The Italian invention
Modern banking — depositing money, lending it out at interest, transferring it across distances — was invented in medieval Italy, especially in Florence, Venice, and Genoa during the 12th–14th centuries.
The word "bank" comes from the Italian banca, the bench on which money changers worked. When a merchant defaulted, his bench was broken — *banca rotta*, the origin of "bankrupt."
The Medici dynasty
The Medici Bank of Florence became the most powerful financial institution of the 15th century. Branches across Europe handled letters of credit, currency exchange, and lending to popes and kings. The Medici essentially invented modern correspondent banking — a network of trusted partners across cities.
When the Medici declined, no single institution replaced them for over a century.
The first central banks
- Bank of Sweden (Riksbank) — founded 1668, the world's oldest still-operating central bank.
- Bank of England — 1694, founded to fund the war against France. Issued banknotes that became Europe's most trusted instrument.
- Banque de France — 1800, founded by Napoleon.
These early central banks set the template: a special institution responsible for currency, with privileges and obligations no commercial bank could match.
The age of branches and panics
The 19th century saw the rise of branch banking, joint-stock banks, and national banking systems. It also saw repeated panics — bank runs that wiped out depositors before deposit insurance existed.

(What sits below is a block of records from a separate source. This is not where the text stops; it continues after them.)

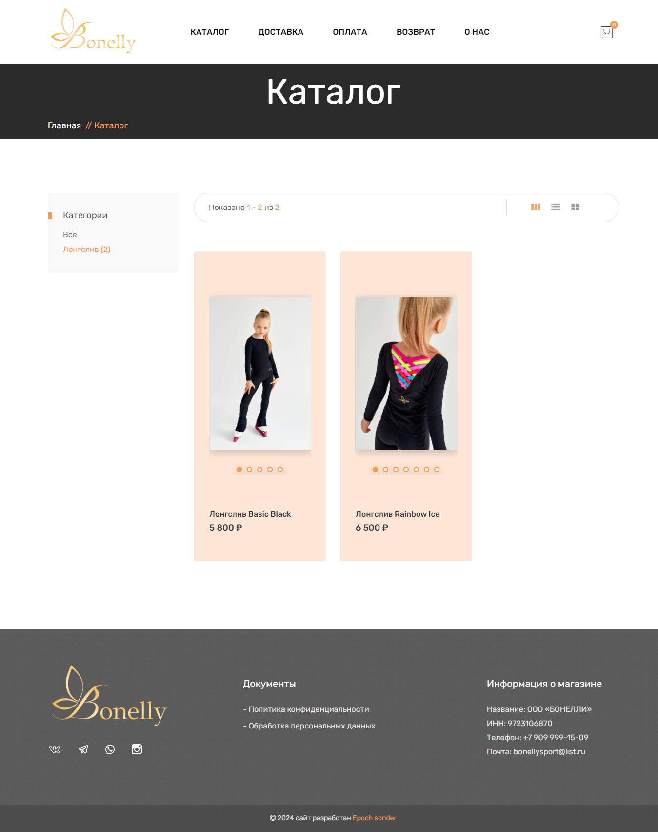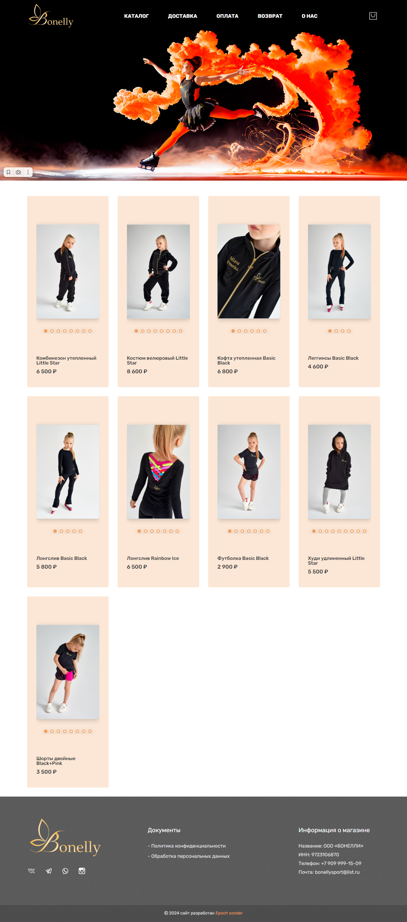 Компания "Bonelly" специализируется на производстве и продаже детской одежды для фигурного катания. Их продукция ориентирована на спортсменов всех уровней – от начинающих любителей до профессиональных фигуристов. Имеют собственное производство
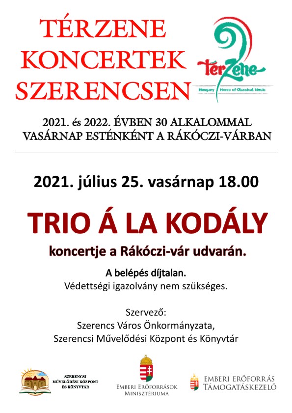 A Trio á la Kodály koncertjével folytatódik a térzene sorozat a Rákóczi-várban 2021. július 25-én.
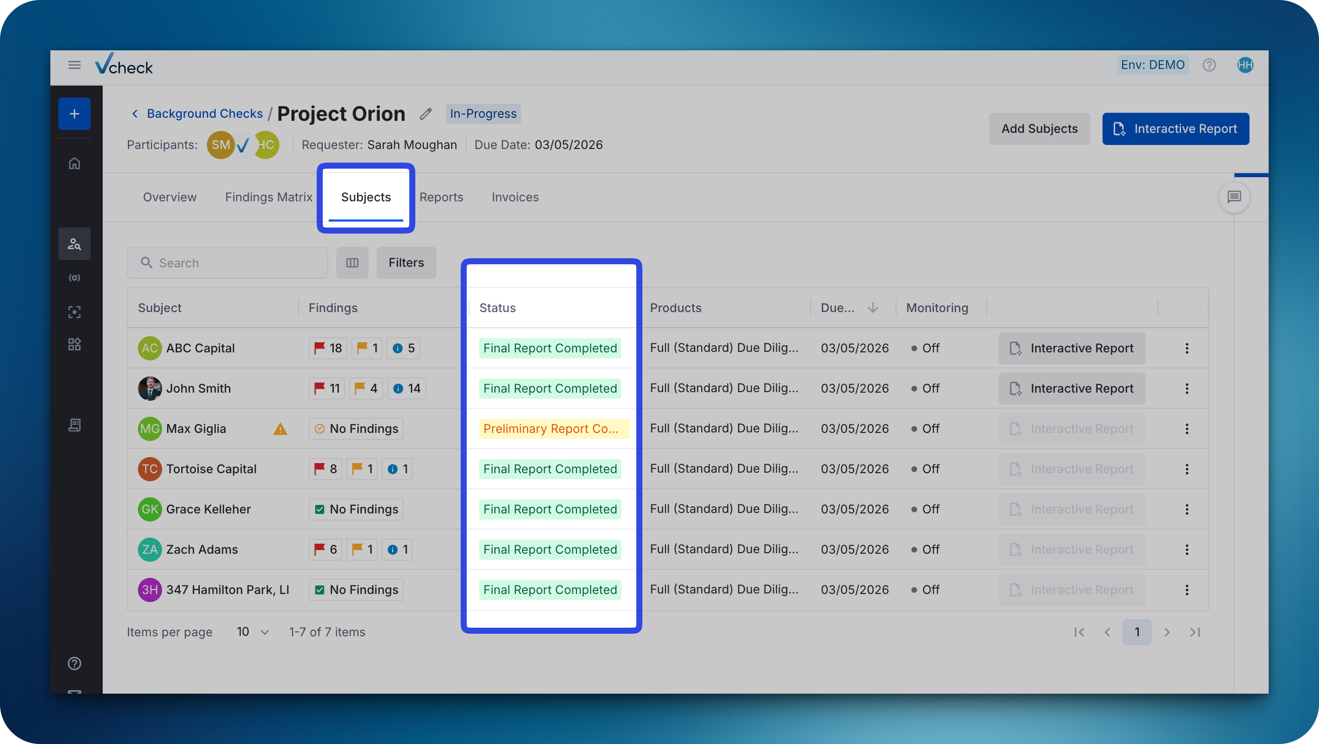 I**mportant Note:** Viewing preliminary findings DOES NOT mean the subject is cleared. Additional records may be returned, and the final, complete status will only be reflected when the entire project is marked as Delivered.
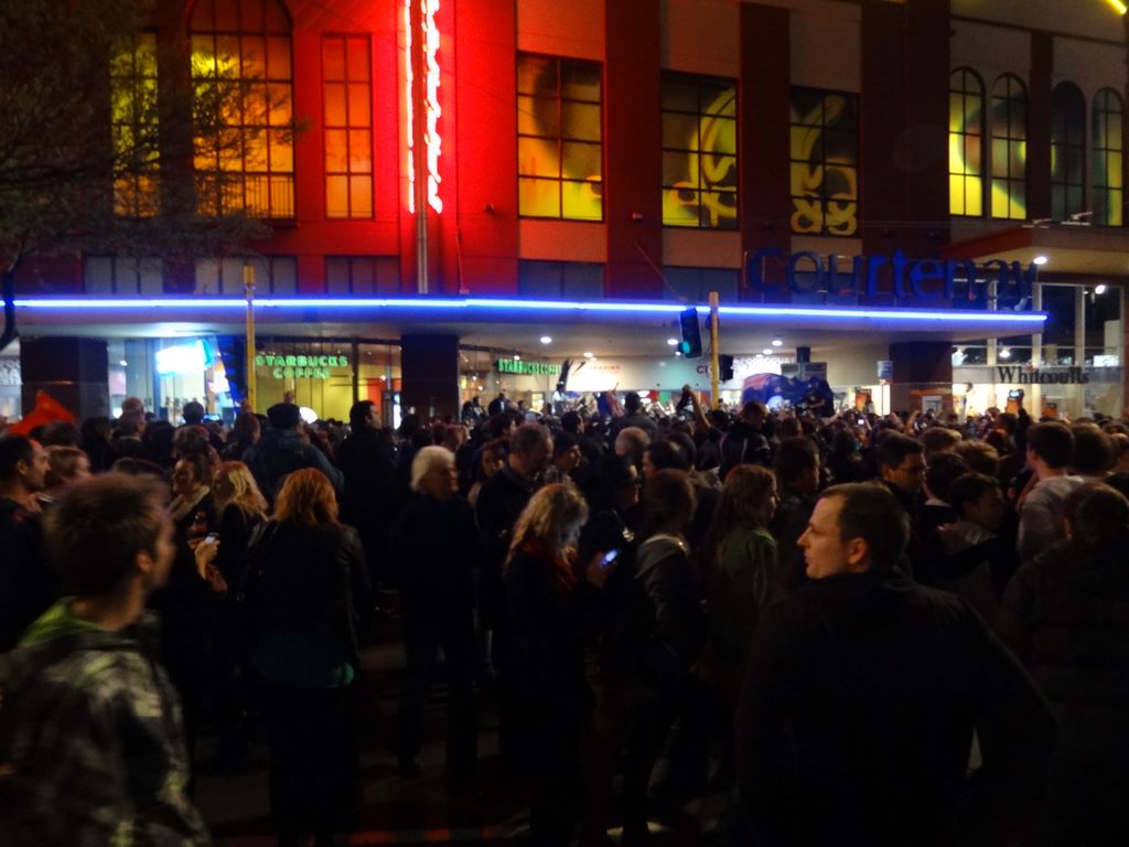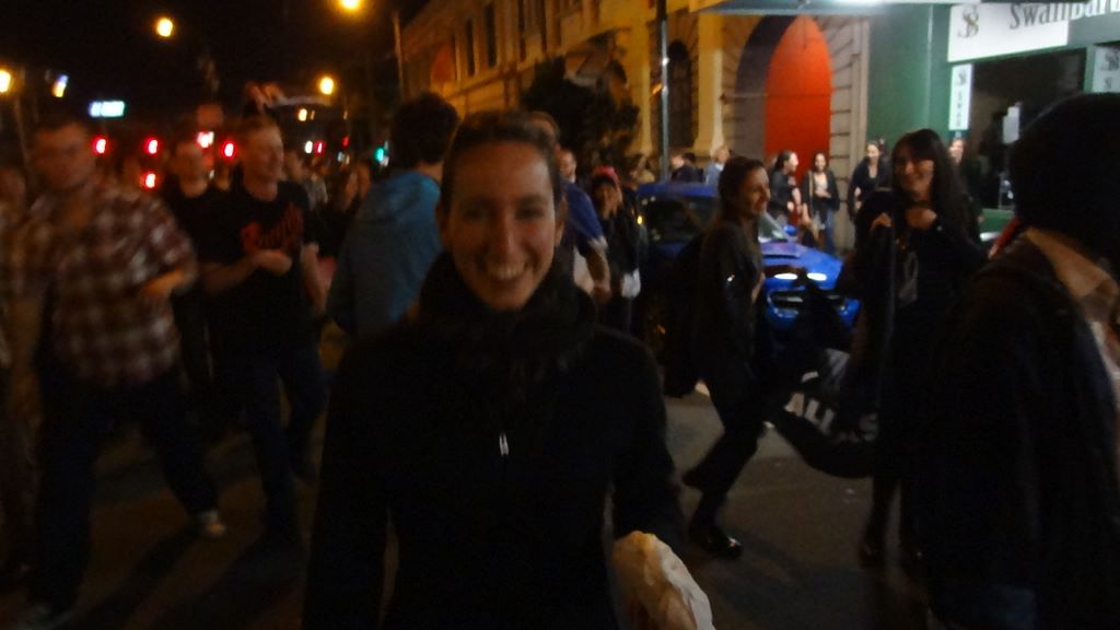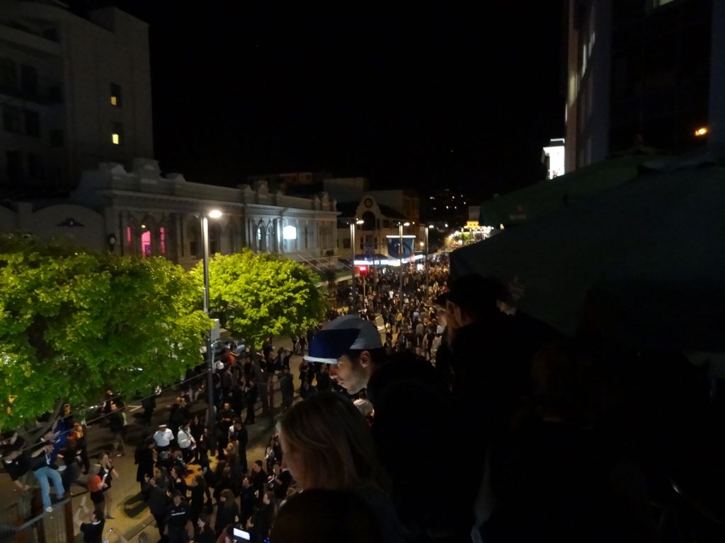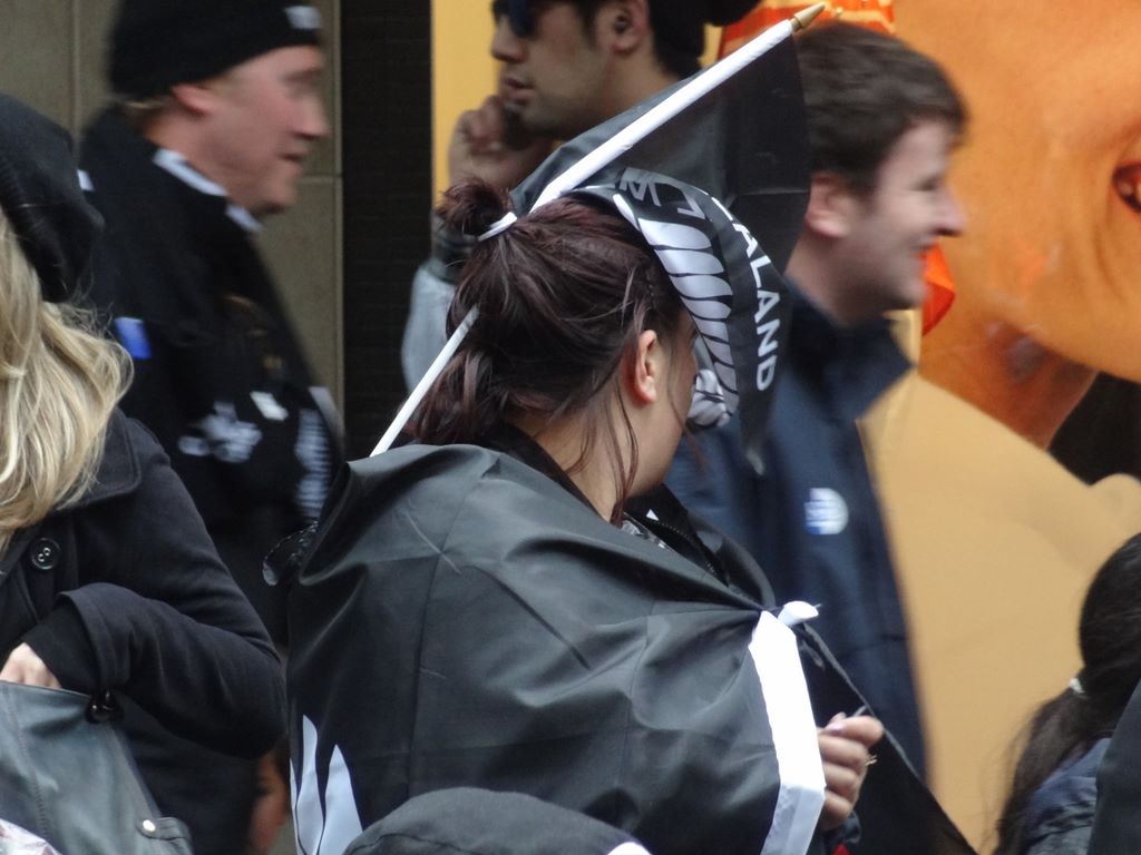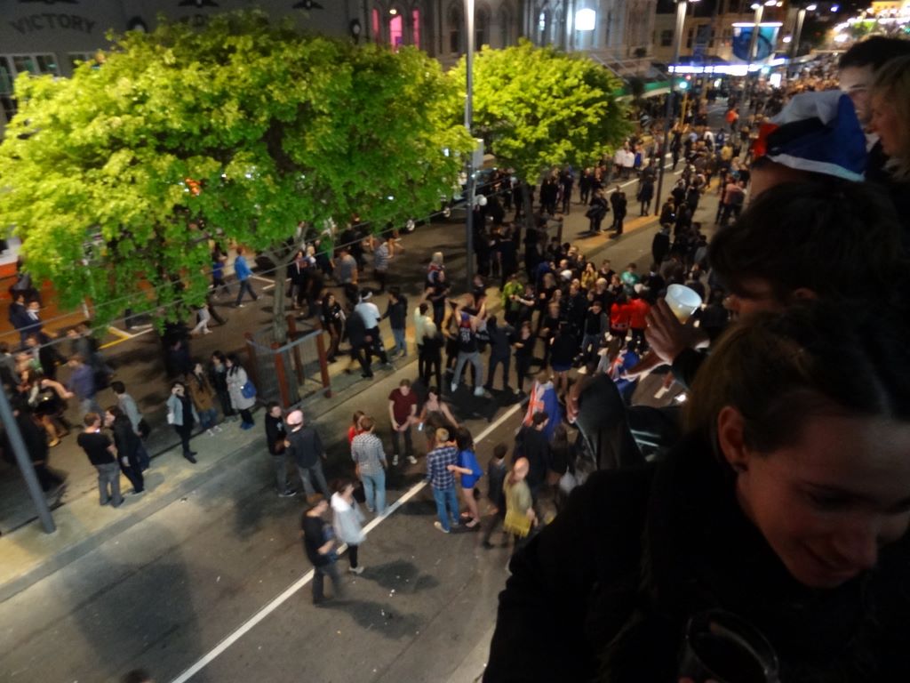 20. Une fois la cérémonie de cloture terminée, la foule se dirige vers Courtenay Place. Ici, Pauline, qui soutenait les Blacks, est ravie!
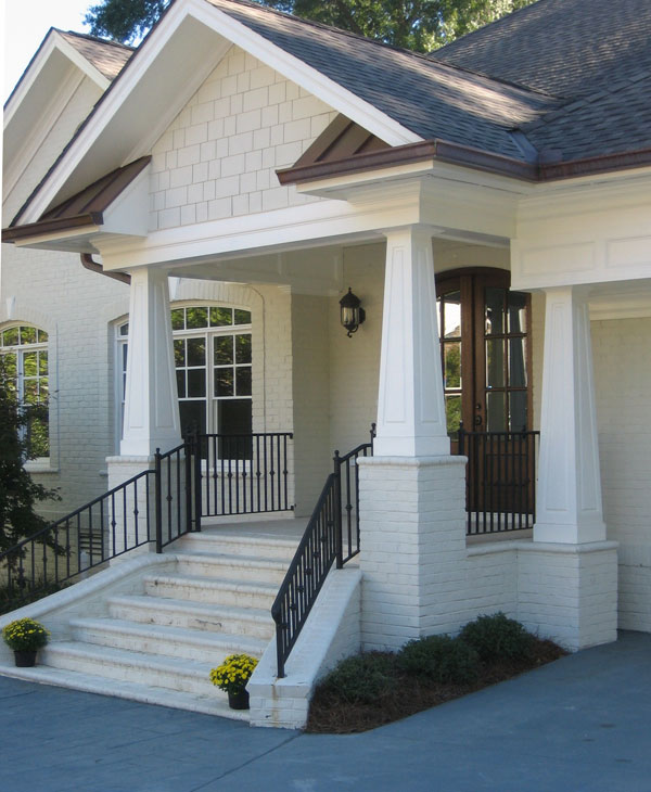 Recessed Panel Bungalow Columns on Brick Piers PVC Tapered Shafts, Capitals & Bases PVC Railings & Spindles
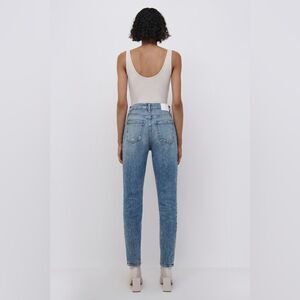 The Trevor Tapered Denim in Pacific City Wash. High rise with a tapered straight leg, and a relaxed boyfriend inspired fit. Minor vintage distressing and whiskering throughout.
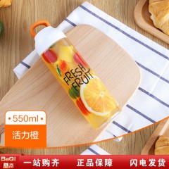 乐扣乐扣 550ml水果塑料水杯 运动水壶便携防漏学生男女士随手杯HLC688 活力橙
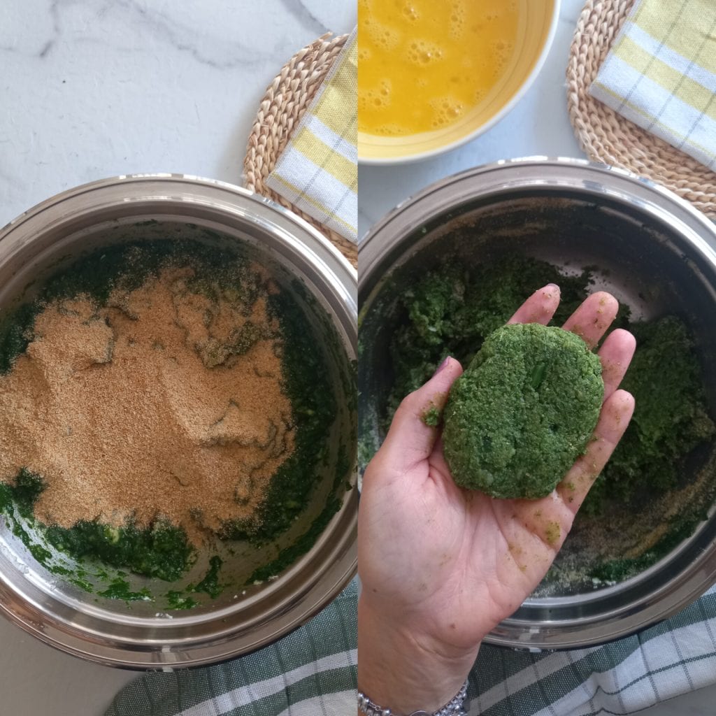 Once ready, dip each cutlet first in beaten egg, then in breadcrumbs, using a fork to avoid breaking them.
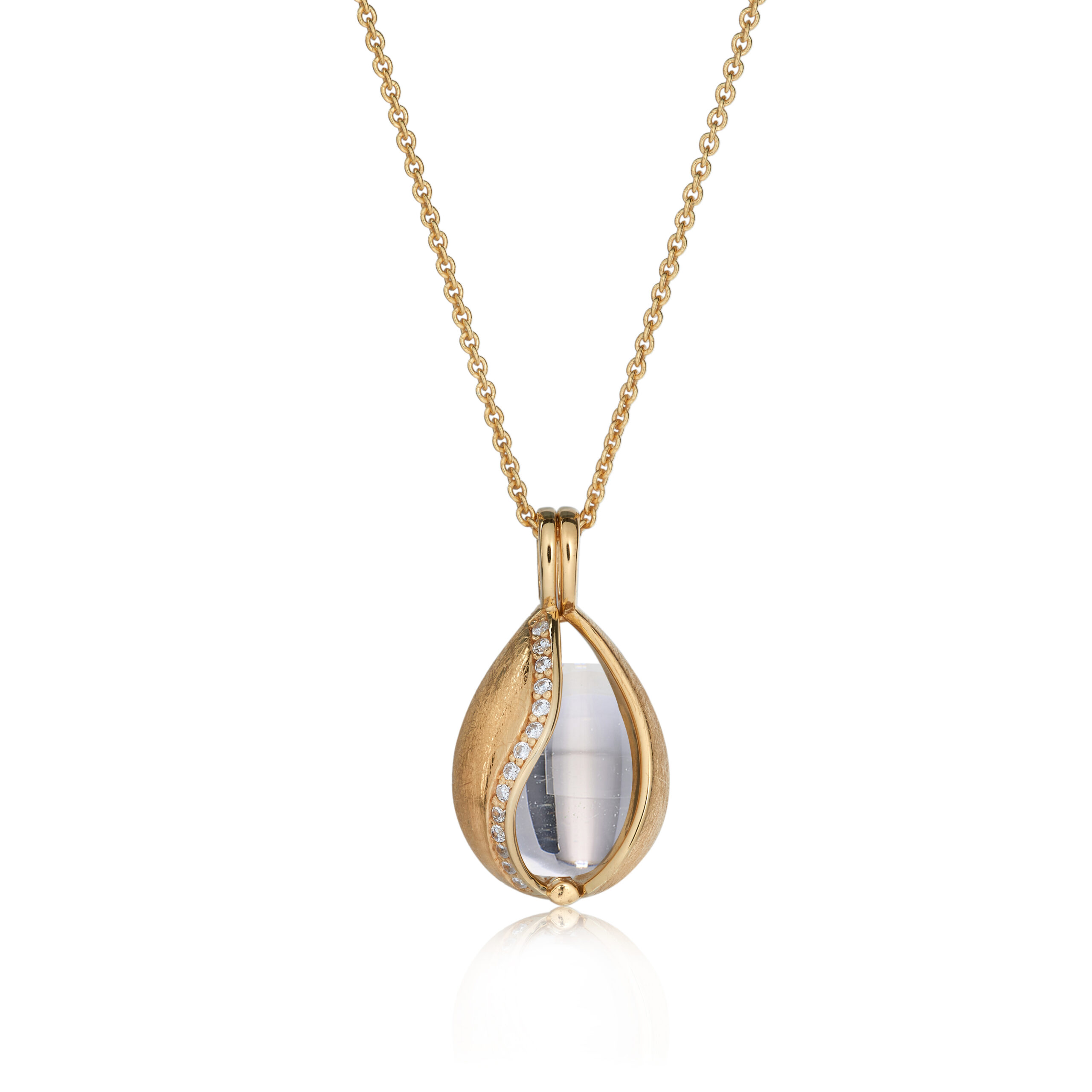 Halskæde i guldbelagt sølv pyntet med zirkonia og bjergkrystal. Du kan selv skifte sten i smykket.

The U.S. alone suffered major panics in 1819, 1837, 1857, 1873, 1893, and 1907. The 1907 panic was severe enough to trigger the creation of the Federal Reserve in 1913.
The 20th century: regulation and depression
After the Great Depression, governments built the modern banking framework:
- Deposit insurance (FDIC in the U.S., 1933).
- Glass-Steagall separating commercial and investment banking (1933).
- Bretton Woods monetary order (1944).
- Capital adequacy rules (Basel Accords, 1988 onward).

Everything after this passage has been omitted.